Task to complete:
Begin with the line containing "Eсть два режима", end with the last line of the records, and retype everything in between exactly, without the pictures.
□ □ □
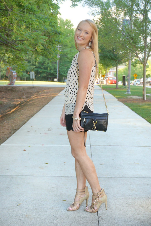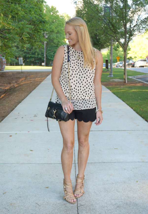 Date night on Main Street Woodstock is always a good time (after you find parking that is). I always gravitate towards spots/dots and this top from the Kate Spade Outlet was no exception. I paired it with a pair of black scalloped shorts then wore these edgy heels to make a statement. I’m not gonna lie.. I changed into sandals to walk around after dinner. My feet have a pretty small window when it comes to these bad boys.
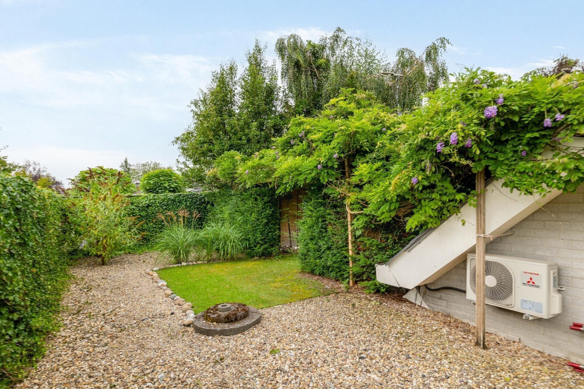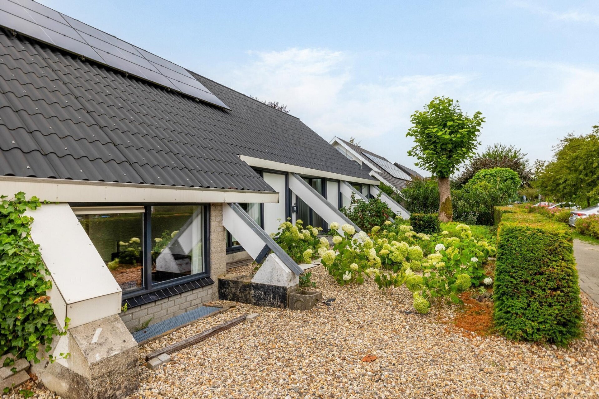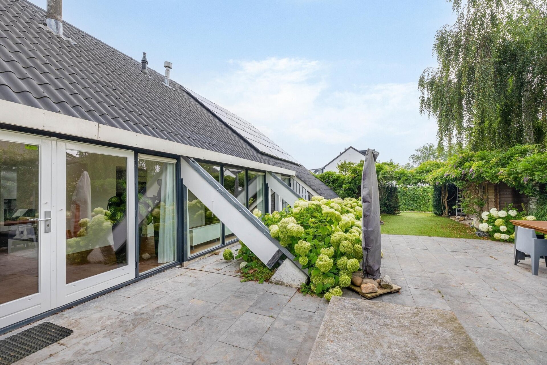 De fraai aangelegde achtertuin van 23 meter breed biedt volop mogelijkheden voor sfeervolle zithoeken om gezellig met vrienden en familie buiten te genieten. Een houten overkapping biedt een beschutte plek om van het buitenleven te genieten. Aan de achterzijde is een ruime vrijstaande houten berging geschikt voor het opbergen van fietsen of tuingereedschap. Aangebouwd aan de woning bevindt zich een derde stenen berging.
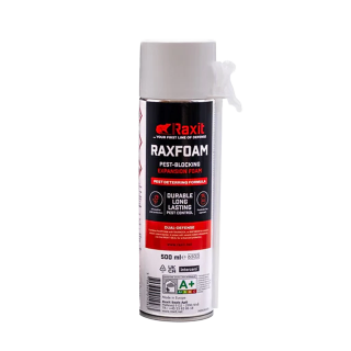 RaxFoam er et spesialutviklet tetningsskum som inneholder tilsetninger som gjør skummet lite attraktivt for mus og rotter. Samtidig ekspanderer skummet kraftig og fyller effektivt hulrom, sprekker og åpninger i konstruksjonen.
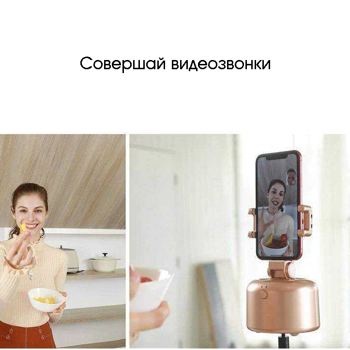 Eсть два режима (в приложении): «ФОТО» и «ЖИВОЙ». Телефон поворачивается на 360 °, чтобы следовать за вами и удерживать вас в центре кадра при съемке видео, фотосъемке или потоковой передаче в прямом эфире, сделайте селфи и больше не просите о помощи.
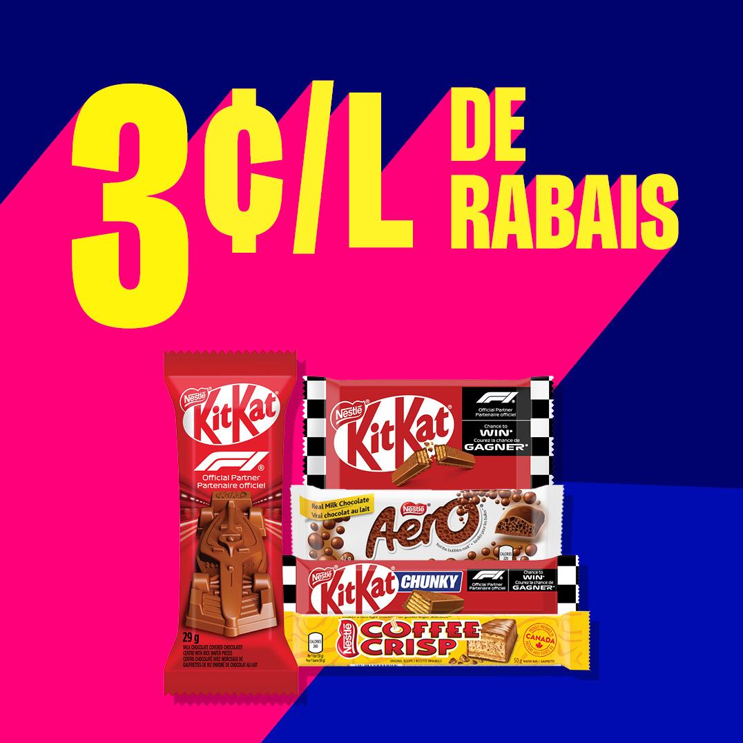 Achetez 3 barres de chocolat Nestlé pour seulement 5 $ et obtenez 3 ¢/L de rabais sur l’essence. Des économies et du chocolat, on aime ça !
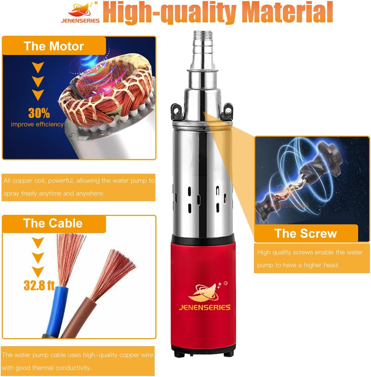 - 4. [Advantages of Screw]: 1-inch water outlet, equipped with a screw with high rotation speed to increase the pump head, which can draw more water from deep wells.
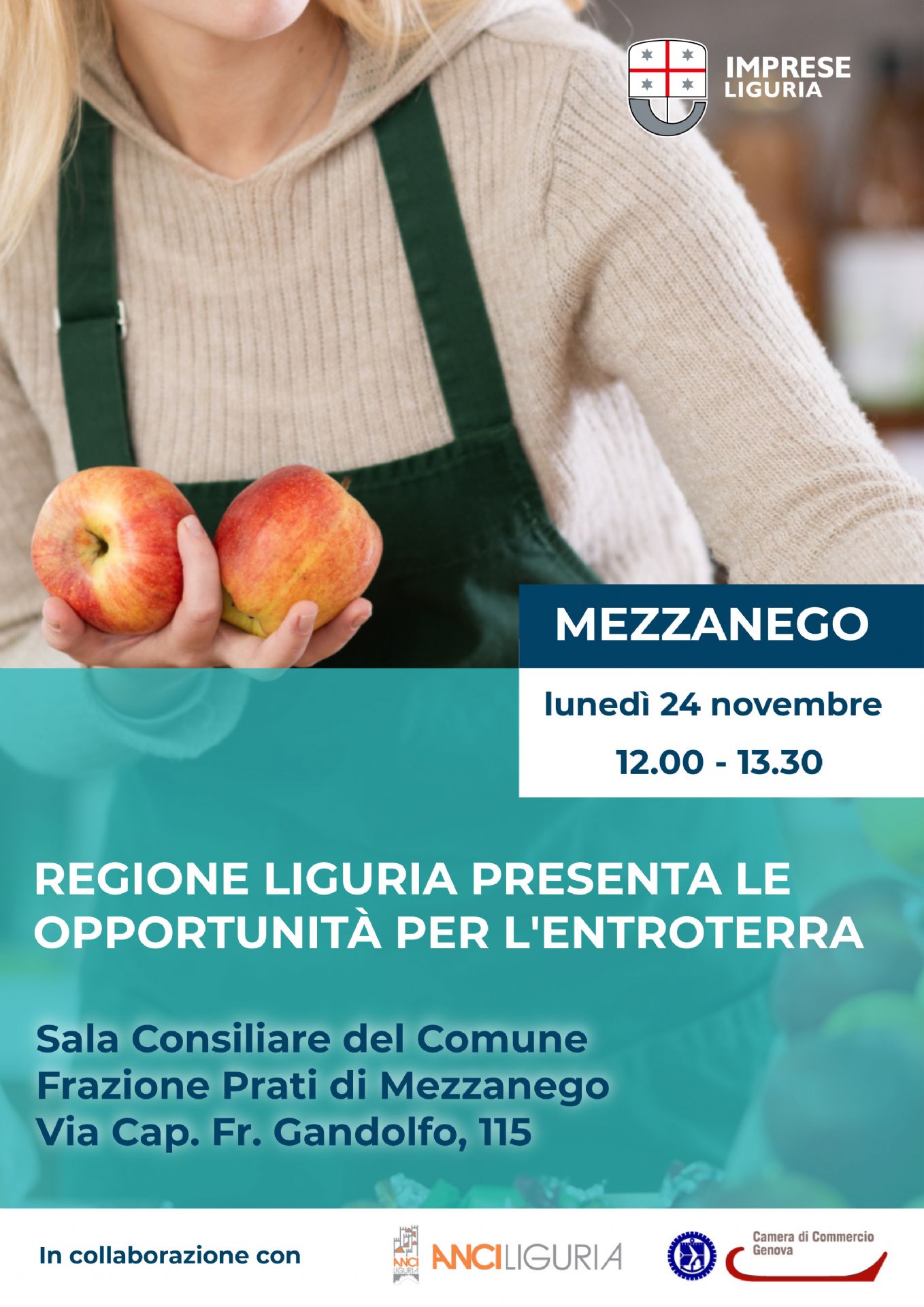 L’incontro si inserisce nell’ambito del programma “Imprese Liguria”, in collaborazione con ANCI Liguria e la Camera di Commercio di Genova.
□ □ □
Result of this exercise:
 Eсть два режима (в приложении): «ФОТО» и «ЖИВОЙ». Телефон поворачивается на 360 °, чтобы следовать за вами и удерживать вас в центре кадра при съемке видео, фотосъемке или потоковой передаче в прямом эфире, сделайте селфи и больше не просите о помощи.
 Achetez 3 barres de chocolat Nestlé pour seulement 5 $ et obtenez 3 ¢/L de rabais sur l’essence. Des économies et du chocolat, on aime ça !
 - 4. [Advantages of Screw]: 1-inch water outlet, equipped with a screw with high rotation speed to increase the pump head, which can draw more water from deep wells.
 L’incontro si inserisce nell’ambito del programma “Imprese Liguria”, in collaborazione con ANCI Liguria e la Camera di Commercio di Genova.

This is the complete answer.